Having described what is presently considered to be the preferred embodiment of the present invention, those skilled in the art will recognize that changes and modifications may be made without departing from the spirit of the invention. All such changes and modifications are intended to be claimed as falling within the true scope of the invention.

Claims (27)

[Claims] 1. A method for producing a polyalkylene oxide carboxylic acid comprising the following steps. i) reacting the polyalkylene oxide with a t-alkyl haloacetate in the presence of a base to form a t-alkyl ester of a polyalkylene oxide carboxylic acid; and ii) reacting the t-alkyl ester with an acid; The polyalkylene oxide carboxylic acid is formed. 2. The method of claim 1, wherein said polyalkylene oxide is polyethylene glycol. 3. The method of claim 2, wherein said polyethylene glycol is ω-methoxy polyethylene glycol. 4. The method of claim 1, wherein said t-alkyl haloacetate comprises the formula: Embedded image Wherein X is chlorine, bromine or iodine; R ₁ , R ₂
And R ₃ are C _1-8 alkyl, C _1-8 substituted alkyl or C 3
Independently selected from the group consisting of _1-8 branched alkyl and aryl. ) 5. The method according to claim 1, wherein the t-alkyl haloacetate is
5. The method of claim 4, wherein said is -butyl. 6. The t-butyl haloacetate is substituted with t-bromoacetic acid.
6. The method of claim 5, wherein the compound is -butyl. 7. The method according to claim 1, wherein the t-butyl haloacetate is t-chloroacetate.
6. The method of claim 5, wherein the compound is -butyl. 8. The method of claim 1, wherein said base is potassium t-butoxide. 9. The method according to claim 9, wherein the base is selected from the group consisting of butyllithium, sodium amide and sodium hydride.
The method of claim 1. 10. The method of claim 1, wherein the molar ratio of the t-alkyl haloacetate to the polyalkylene oxide is greater than 1: 1. 11. The method of claim 1, wherein said acid is trifluoroacetic acid. 12. The method according to claim 1, wherein said acid is selected from the group consisting of sulfuric acid, phosphoric acid and hydrochloric acid. 13. The method according to claim 1, wherein the reaction step ii) is carried out at about 0 ° C. to about 50 ° C.
The method of claim 1, wherein the method is performed at a temperature of 14. The method according to claim 11, wherein said reaction step ii) is carried out at about 20 ° C. to about 30 ° C.

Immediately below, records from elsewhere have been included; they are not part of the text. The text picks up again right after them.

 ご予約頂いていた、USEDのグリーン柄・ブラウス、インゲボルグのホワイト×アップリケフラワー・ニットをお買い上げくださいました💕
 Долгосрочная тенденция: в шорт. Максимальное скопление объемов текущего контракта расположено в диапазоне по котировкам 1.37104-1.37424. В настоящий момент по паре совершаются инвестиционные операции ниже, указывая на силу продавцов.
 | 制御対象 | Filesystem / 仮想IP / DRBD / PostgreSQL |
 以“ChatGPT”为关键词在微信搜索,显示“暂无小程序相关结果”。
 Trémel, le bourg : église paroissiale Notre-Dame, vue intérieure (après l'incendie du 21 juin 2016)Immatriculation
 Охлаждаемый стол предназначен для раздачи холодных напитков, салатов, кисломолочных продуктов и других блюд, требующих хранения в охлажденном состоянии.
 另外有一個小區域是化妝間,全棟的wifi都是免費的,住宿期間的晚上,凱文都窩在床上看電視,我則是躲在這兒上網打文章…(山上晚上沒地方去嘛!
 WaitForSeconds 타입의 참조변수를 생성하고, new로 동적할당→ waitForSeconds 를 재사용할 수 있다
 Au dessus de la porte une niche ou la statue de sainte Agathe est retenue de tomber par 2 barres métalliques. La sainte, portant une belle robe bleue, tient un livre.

14. The method according to claim 13, which is performed at a temperature of ° C. 15. The method of claim 1, wherein said reaction step ii) is performed in the presence of water. 16. The method as claimed in claim 16, wherein the polyalkylene oxide comprises about 20
The method of claim 1, having a molecular weight of 0 to about 100,000. 17. The method of claim 17, wherein the polyalkylene oxide is about 2,
17. A polymer having a molecular weight of from 000 to about 80,000.
The described method. 18. The method of claim 18, wherein the polyalkylene oxide is about 4,
18. The composition of claim 17, having a molecular weight of from 000 to about 50,000.

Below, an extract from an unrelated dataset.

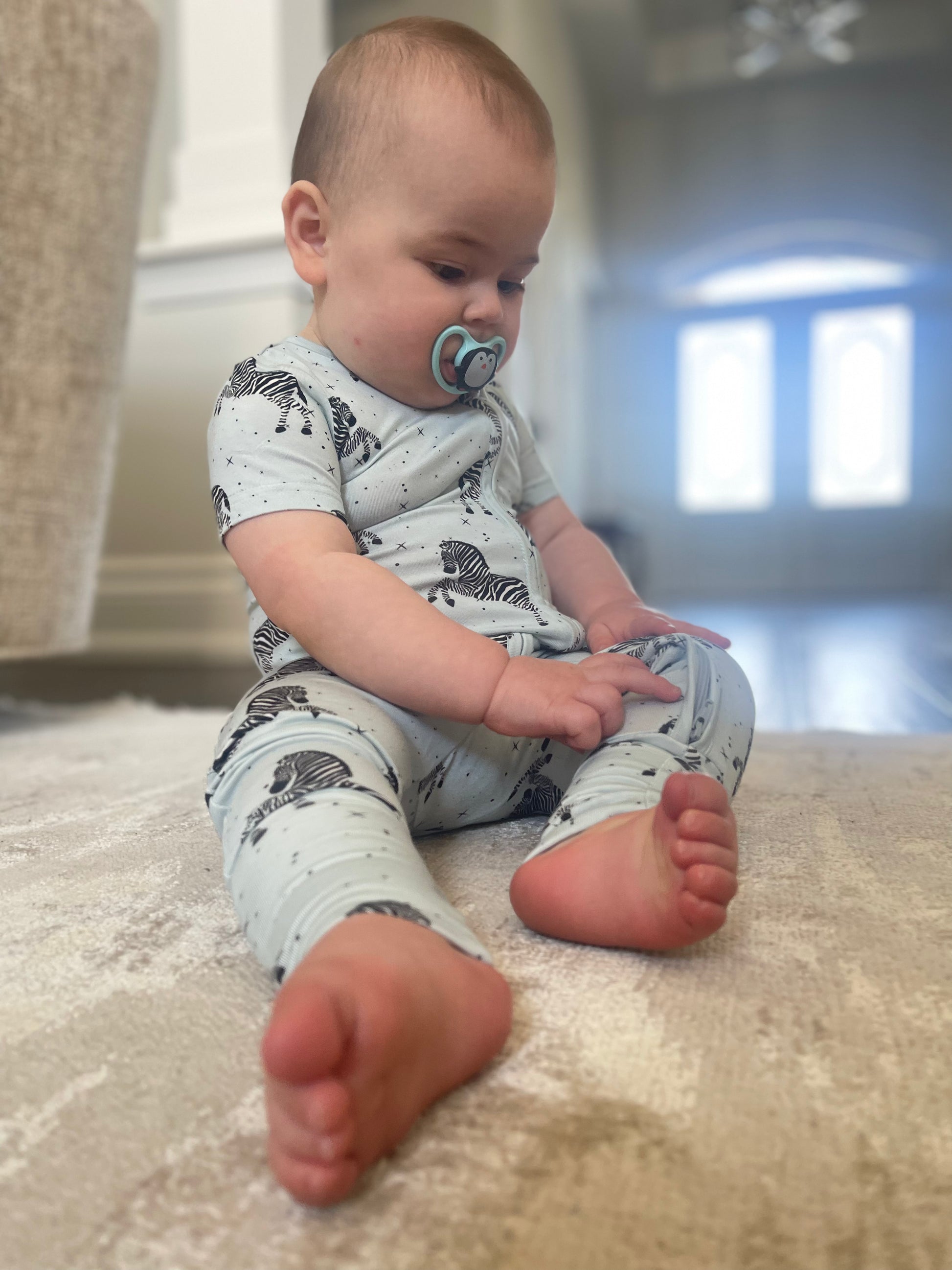 Our Short Sleeve Zip-Up features a two-way zipper for easy diaper changes.

The described method. 19. The method of claim 1, wherein said polyalkylene oxide carboxylic acid has a purity of greater than 92%. 20. The method of claim 19, wherein the purity of the polyalkylene oxide carboxylic acid is greater than 97%. 21. The method of claim 20, wherein said polyalkylene oxide carboxylic acid has a purity of more than 99%. 22. The method of claim 1, further comprising converting the polyalkylene oxide carboxylic acid to an amine-terminated polyalkylene oxide. 23. The method of claim 1, further comprising converting the polyalkylene oxide carboxylic acid to a succinimidyl ester terminated polyalkylene oxide. 24. The polyalkylene oxide carboxylic acid is reacted with a bioactive nucleophile under conditions sufficient to produce a bioactive conjugate, whereby the polyalkylene oxide is converted to the bioactive nucleophile. 2. The method of claim 1, further comprising attaching to the body via an ester bond. 25. The method of claim 24, wherein said biologically active nucleophile is taxol. 26. The method of claim 24, wherein said biologically active nucleophile is camptothecin. 27. The method of claim 24, wherein said biologically active nucleophile is podophyllotoxin.